4. The terminal guidance law design method based on the deep reinforcement learning as claimed in claim 3, wherein the specific process of constructing the action space by taking the proportional guidance law PNG as the expert experience is as follows:

taking the relative speed and the line of sight rotation rate as input, the output is an overload command, and is represented as:

wherein K is a proportionality coefficient>

Is relative speed, is based on>

The line of sight rotation rate; the scaling factor K is determined by selecting an action in the action space as an action space by discretizing the scaling factor K into a finite number within a certain range of values, and the overload command is calculated therefrom.

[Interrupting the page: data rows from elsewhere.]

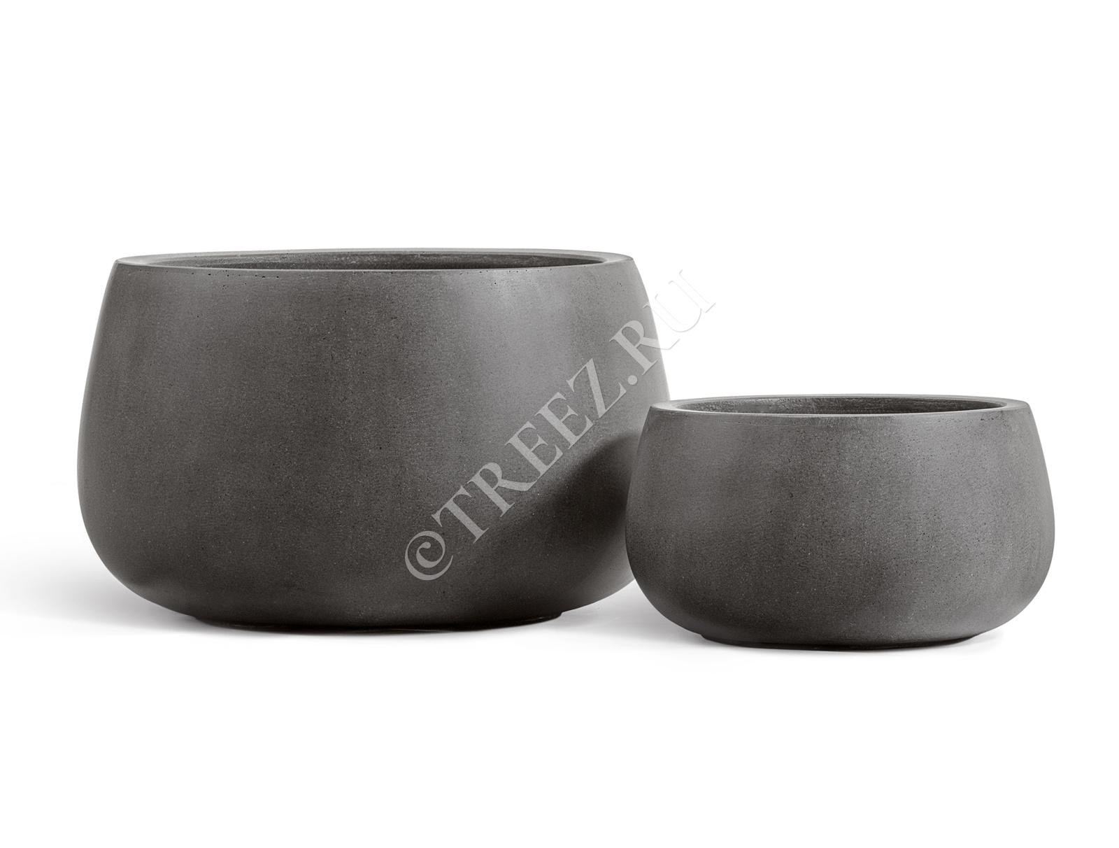 Кашпо TREEZ Effectory - Beton - Низкая Design-чаша - Тёмно-серый бетон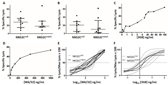 We next compared NK cell cytotoxicity against antibody-treated cell lines in anti-CD16 redirected cytotoxicity and classical ADCC assays. At optimal Ab concentrations, there was no significant difference between the NKG2Cnull and NKG2Cmatch groups in the level of either anti-CD16 redirected lysis of P815 cells (Figure 4A) or antibody-dependent lysis of C1R-B27 cells (Figure 4B). These data indicate equivalence between groups in their capacity for ADCC and anti-CD16 redirected lysis regardless of NKG2C expression. However, measuring cytotoxicity at only one Ab concentration does not address possible differences in sensitivity to triggering through CD16. To test whether the sensitivity of triggering through CD16 differed between groups, we repeated cytotoxicity assays with serial dilutions of 3G8, which ranged over 12 doubling dilutions from 100 ng/mL to 0.05 ng/mL, and anti-HLA-I Ab W6/32, which ranged from 1000 ng/mL to 16 ng/mL over six doubling dilutions. Figure 4C,D represent Ab titrations. The 50% effective Ab concentration (EC50), which is defined as the concentration required to elicit a half maximal cytotoxicity response, was estimated for NK cells by each subject and compared between groups. Both the NKG2Cnull and NKG2Cmatch groups had a similar mean EC50 of ~125 ng/mL for W6/32 Ab titration in ADCC assays and were similar with respect to the 3G8 titration for redirected P815 cell lysis at ~1.2 ng/mL. The highly similar EC50 values for both groups suggest comparable sensitivity to triggering through CD16 between NK cells from NKG2Cnull and NKG2Cmatch, HIV-infected individuals co-infected with HCMV. In order to visually convey the functional similarity across the groups, despite the high variability in the absolute levels of killing, we normalized our results to 100% to show largely overlapping titration curves from both the NKG2Cnull and NKG2Cmatch groups (Figure 4E,F).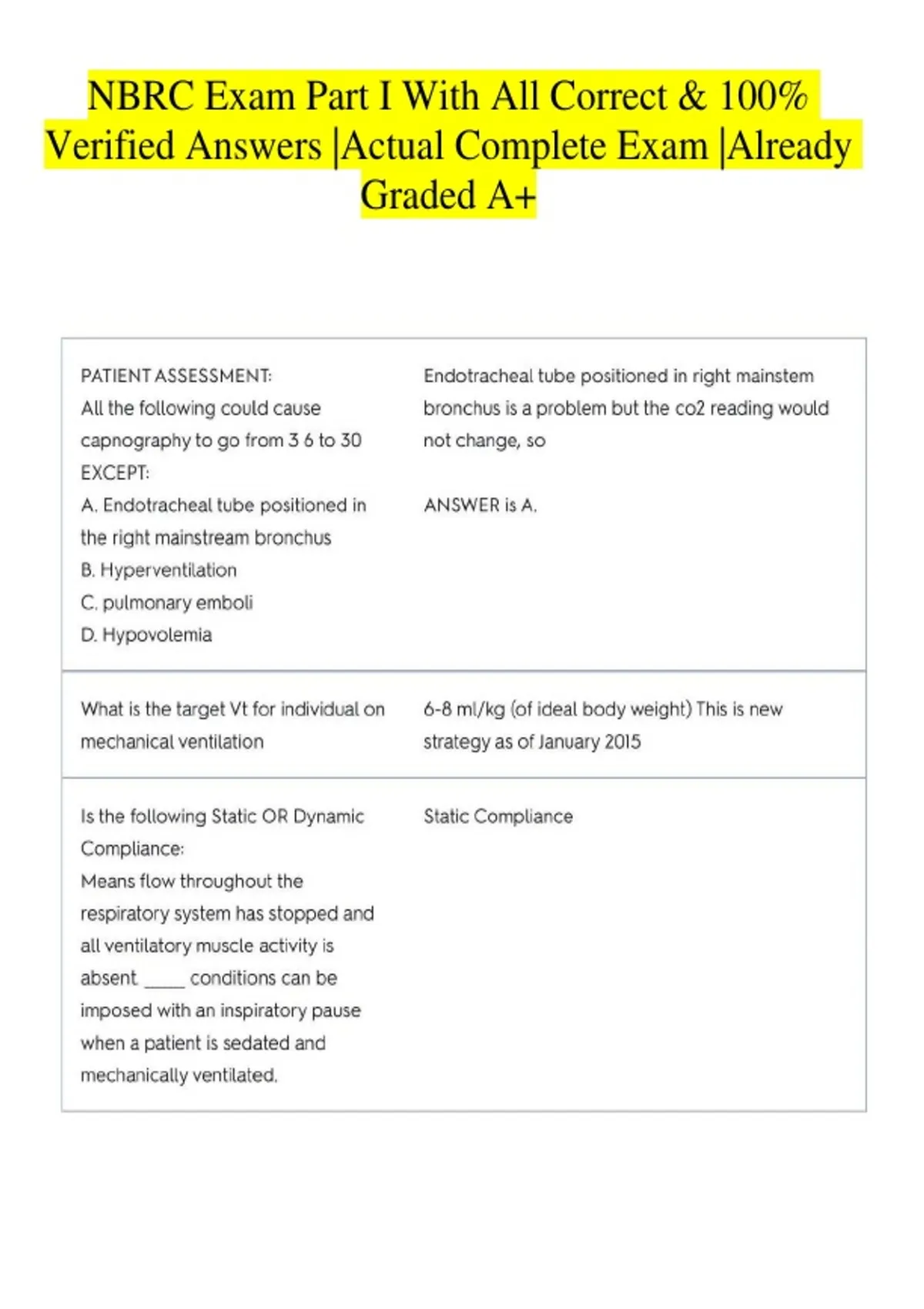 NBRC Exam Part I With All Correct & 100% Verified Answers |Actual Complete Exam |Already Graded A+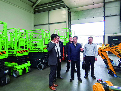 代表團(tuán)一行先后走訪了柳工英國公司的工廠改裝車間、設(shè)備儲存車間以及配件中心,詳細(xì)聽取了公司工作匯報(bào),了解了柳工在英國的發(fā)展歷程、英國的市場環(huán)境、柳工的主營產(chǎn)品線,以及公司日常運(yùn)營、網(wǎng)點(diǎn)建設(shè)、客戶服務(wù)及技術(shù)支持等方面情況。柳工英國公司負(fù)責(zé)人詳細(xì)匯報(bào)了在英國2035年碳中合目標(biāo)的環(huán)保大背景下,柳工電動產(chǎn)品在英國的上市情況和重點(diǎn)推廣策略,主要介紹了裝載機(jī)、挖掘機(jī)、高空作業(yè)平臺等綠色電動產(chǎn)品的產(chǎn)品優(yōu)勢與機(jī)會。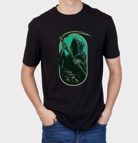 Men's Graphic Printed Premium Cotton Biowash Half Sleeves T-Shirt - Devil with Axe Graphic
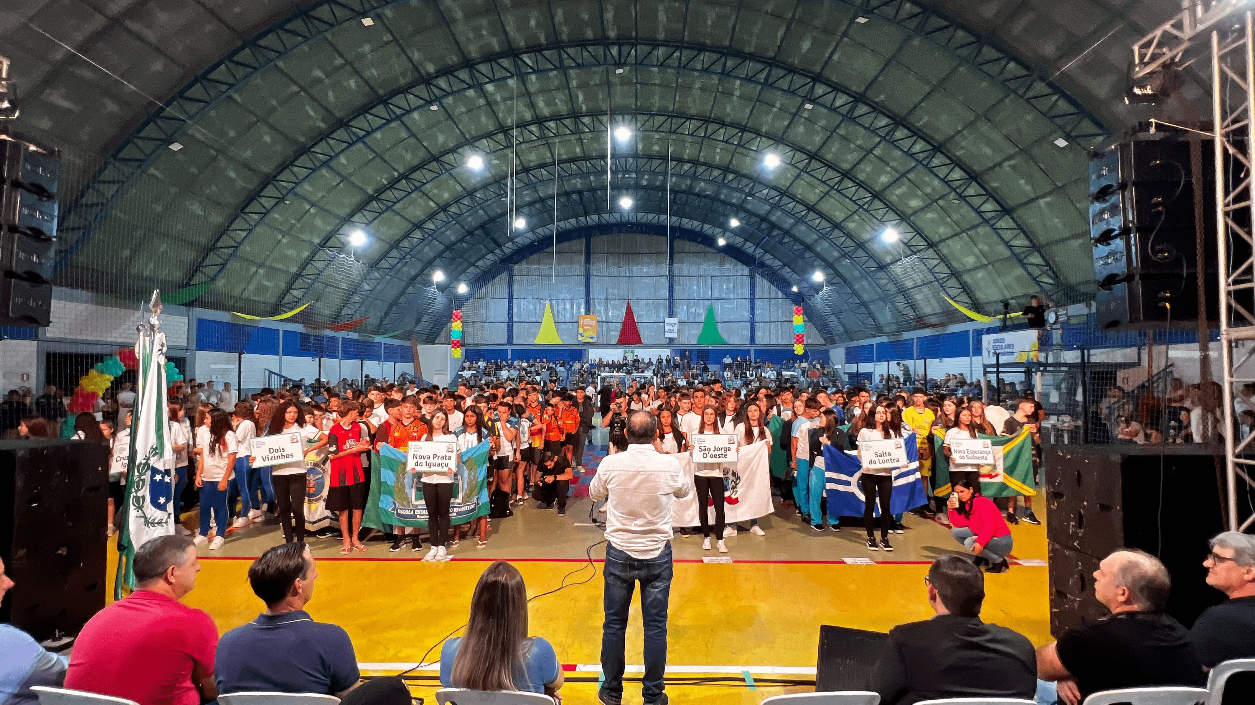 Uma noite repleta de encanto e emoção. Assim foi a última sexta-feira, 17, no Centro Esportivo Prefeito Norberto Goedert em Nova Esperança do Sudoeste, onde foi realizada a abertura dos 70º Jogos Escolares do Paraná, fase Regional. O local ficou completamente lotado de munícipes, professores, diretores e alunos dos municípios de São Jorge do Oeste, Dois Vizinhos, Cruzeiro do Iguaçu, Boa Esperança do Iguaçu, Nova Prata do Iguaçu, Salto do Lontra e Nova Esperança do Sudoeste.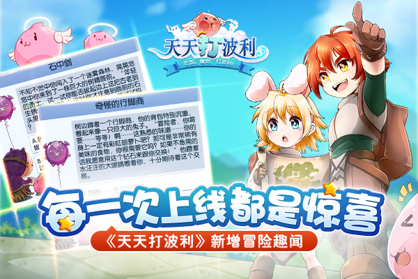 作为一款休闲放置游戏,《天天打波利》主张的是离线睡觉时角色也能照常打怪升级,因此有了“吃饭,睡觉,打波利”这个有趣的口号。那么冒险者们有没有想过:当你关掉游戏睡觉后,你的角色在充满挑战与冒险的卢恩大陆独自旅行时,又会发生什么奇遇吗?卢恩大陆有奇闻广袤的卢恩大陆,爱与勇气的冒险在这里展开。当路过普隆德拉郊外时,你可能会在路边的树下发现一个长得很像兔子的奇怪行脚商。它能嗅到你身上彩虹胡萝卜的气味,并企图用一些小玩意儿与你交换。你会选择帮助他吗?听说英灵殿已经对人类勇士开放,女武神瓦尔基里时常来到人间选拔勇者。终于有一天你看了一个她身披战甲骑着白马掠过天空。你赶紧追上去,却发现她丝毫没有注意到你。你可能还不符合她的勇士标准哦……而关于游戏来源已久的“四大”的传说你知道吗?当蓝疯兔、大脚熊、蜂兵和吸血蝙蝠一起出现时,冒险者们会被它们一起睡眠、冰冻、石化、震荡个遍……惊喜与代入感奇遇事件的触发条件非常自由,不论是在线推图挑战boss还是离线挂机,都有可能触发。触发事件后,根据事件的不同冒险者还将获得不同的奖励。而在一些奇遇里,冒险者可能还将面临小小的选择,不同的选择也将带来不同的结果和惊喜。《天天打波利》虽然是一款休闲挂机游戏,但游戏世界观来源于北欧神话背景的仙境传说RO,因此游戏也在尽量还原这些设定。很多囿于挂机这个核心玩法无法实现的设定,现在都能通过奇遇事件来交代清楚了。除了常规奇遇外,还有一些小彩蛋小故事在其中。比如说游戏里能帮助冒险者解锁群控技能的“四大”宠物,也会通过奇遇暗示来告知玩家。当然,这其中还有一些向经典致敬的奇遇事件,就作为小彩蛋交给玩家自己去发现了。希望奇遇事件这样的细节玩法能增强玩家的观代入感,同时也能给大家在冒险世界的旅程带来一些小乐趣小惊喜。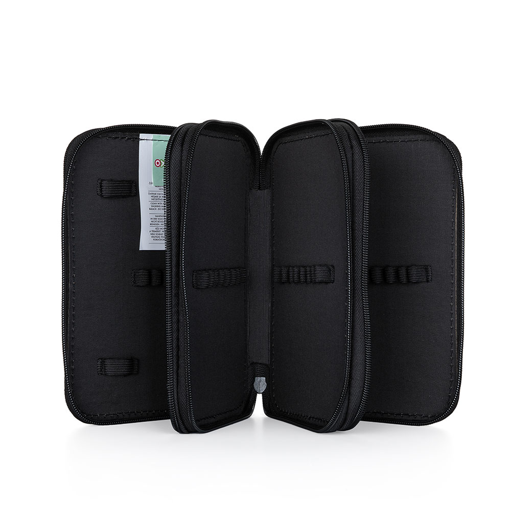 1 - zipsový peračník oválneho tvaru vo vnútri obsahuje: chlopňu s 5 pútkami na farbičky, fixy, ceruzky veľký priestor pre volne ložené školské a písacie potreby Materiál: Polyester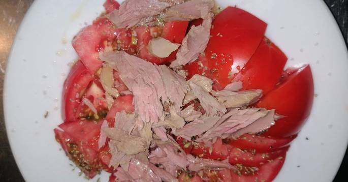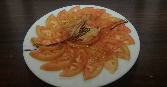 En este clásico de El Porvenir que hace poco estrenaba nueva etapa de la mano de Felipe Molina encontramos un buen tomate rojo aliñado con un buen aceite (Conde de Argillo), vinagre de Jerez, sal y un poco de orégano. Rematan el plato con unos lomitos de melva.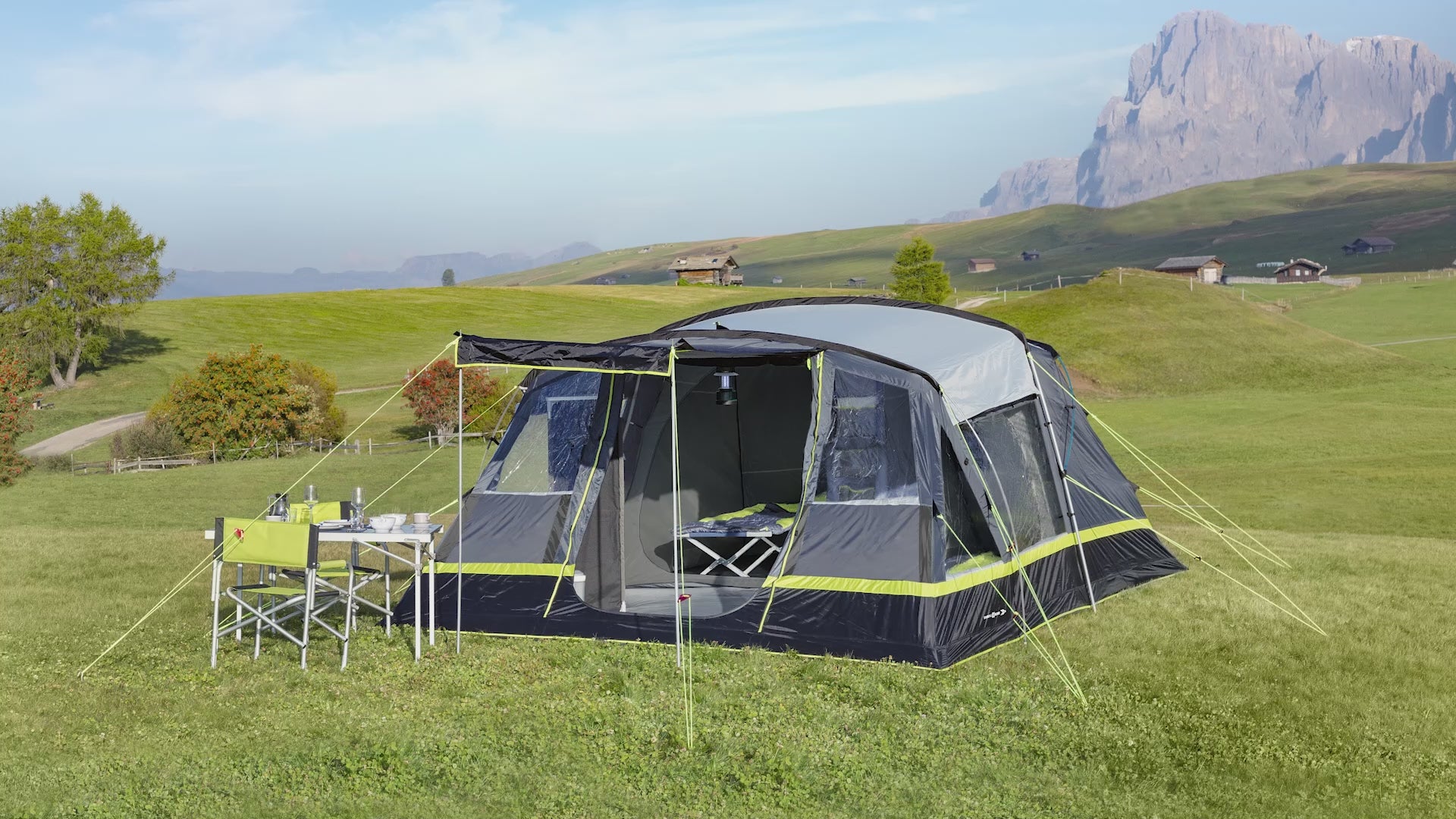 Eine vollständig eingenähte Bodenwanne aus robustem PE-Material schützt vor Feuchtigkeit und Schmutz und sorgt für eine trockene, komfortable Umgebung. Der Eingang führt in den geräumigen Wohnbereich, während zwei getrennte Schlafkabinen Privatsphäre bieten. Panoramafenster lassen viel Licht herein und bieten einen tollen Blick auf die Natur.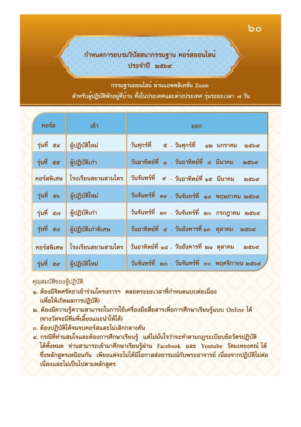 กำหนดการอบรมวิปัสสนากรรมฐาน คอร์สออนไลน์ ประจำปี 2569 กรรมฐานออนไลน์ ผ่านแอพพลิเคชัน Zoom สำหรับผู้ปฏิบัติที่อยู่บ้าน ทั้งในประเทศและต่างประเทศ รุ่นระยะเวลา 7 วัน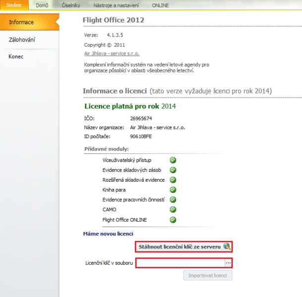 Po instalaci je program v DEMO režimu (počet záznamů je omezen na 30, některé zvlášť placené funkce nejsou v provozu). Licenci můžete objednat přímo z programu. Zvolte záložku "Soubor - Informace", stiskněte "Objednat licenci", vyplňte požadované údaje a vyberte části programu, které chcete objednat. Objednávku můžete rovnou odeslat mailem nebo objednávkový soubor uložte a následně pošlete mailem (na flightoffice@airjihlava.cz). Na základě vaší objednávky vám bude vystavena faktura dle ceníku a po její úhradě vám bude vygenerována licence, která bude dostupná pro online aktivaci licenčních klíčů na jednotlivých počítačích.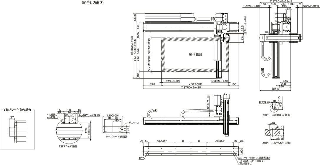 (注) ケーブルベア断面図の( )はYZ間のケーブルベア寸法です。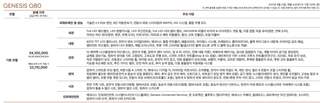 2021년 6월 21일, 어제 제네시스 2022년형 g80이 출시되었습니다.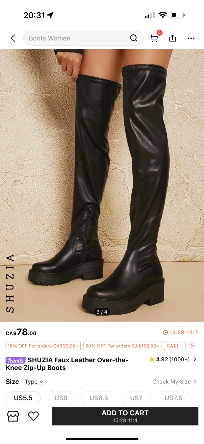 Black faux leather thigh-high boots. Zip-up closure. Platform sole. Size 8, worn twice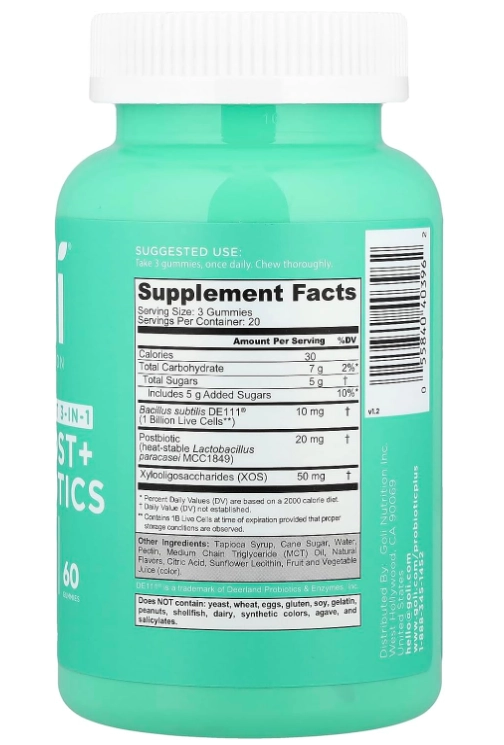 Únicas gomas 3-em-1 do mundo combinando prebiótico + probiótico + pós-biótico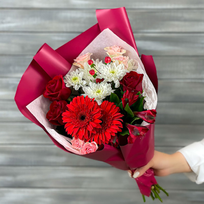 Букет из роз, гербер и хризантем| 4 000 Р | без скидки |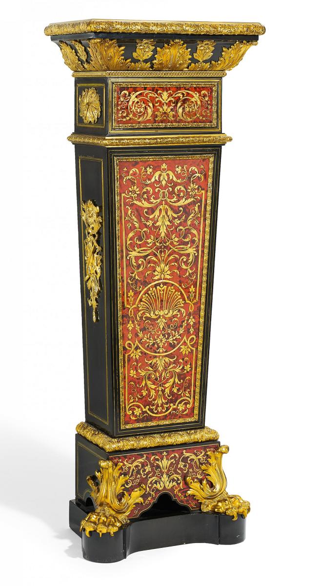 Boulle-Technik, Schildpatt und Messing ornamental eingelegt. Ebonisiertes Holz, vergoldete Bronzeapplikationen. Ausgeschnittener Sockel auf Klauenfüßen. Konischer Schaft. Hoher, geschwungener Abschluss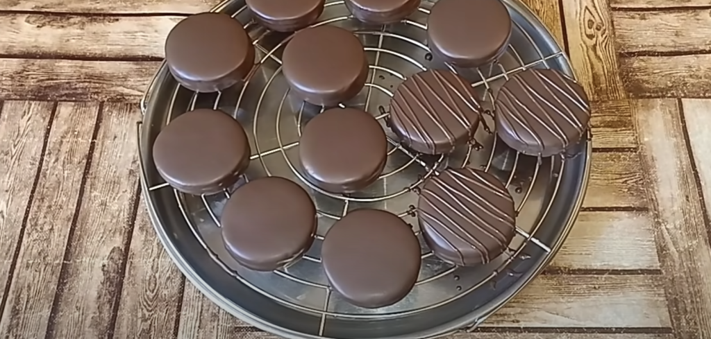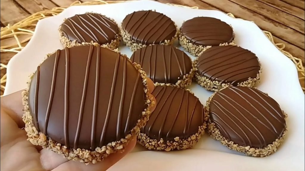 4. Ubij na gęstą masę i układaj na upieczonych kółkach. Zanurz w polewie, którą przygotujesz z roztopionej czekolady i odrobiny tłuszczu. Jako dekoracji użyj drobno posiekanych orzechów. Smacznego!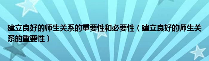 关于建立良好的师生关系的重要性和必要性,建立良好的师生关系的重要性这个很多人还不知道,今天菲菲来为大家解答以上的问题,现在让我们一起来看看吧!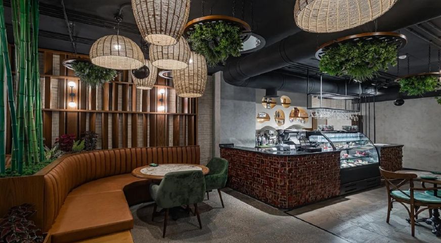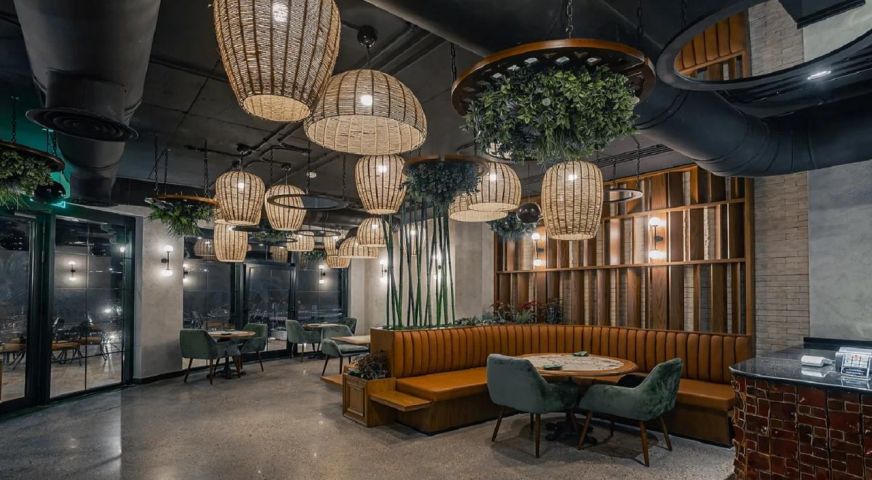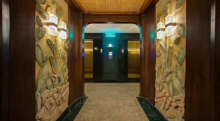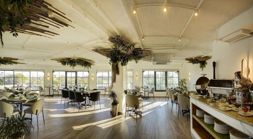 Съвременна сграда с добре поддържана фасада, лоби и ресторант зона („La Firma“), предлагаща природно-успокояваща атмосфера ;

5. The terminal guidance law design method based on deep reinforcement learning as claimed in claim 1, wherein the specific steps of initializing the weight parameters of the neural network are as follows:

6. The terminal guidance law design method based on deep reinforcement learning as claimed in claim 1, wherein the specific method for training the neural network and updating the target network with fixed frequency is as follows:

7. The terminal guidance law design method based on the deep reinforcement learning as claimed in claim 6, wherein the specific calculation method of the target value is as follows:

Q _target ＝Q(s _t ,a _t )+α[R _t +γmax _a Q(s _t+1 ,a)-Q(s _t ,a _t )]

wherein Q is _target Represents updated(s) _t ,a _t ) Corresponding Q value, s _t Representing the state at time t, a _t Representative state s _t Action performed below, Q(s) _t ,a _t ) Representative state s _t Lower execution action a _t Is the rate of updating of the Q value, R _t Representative state s _t Lower execution action a _t The prize value earned, gamma representing the discount rate, s _t+1 Represents the state at time t +1, max _a Q(s _t+1 A) represents the state s _t+1 The Q value for performing the optimal action.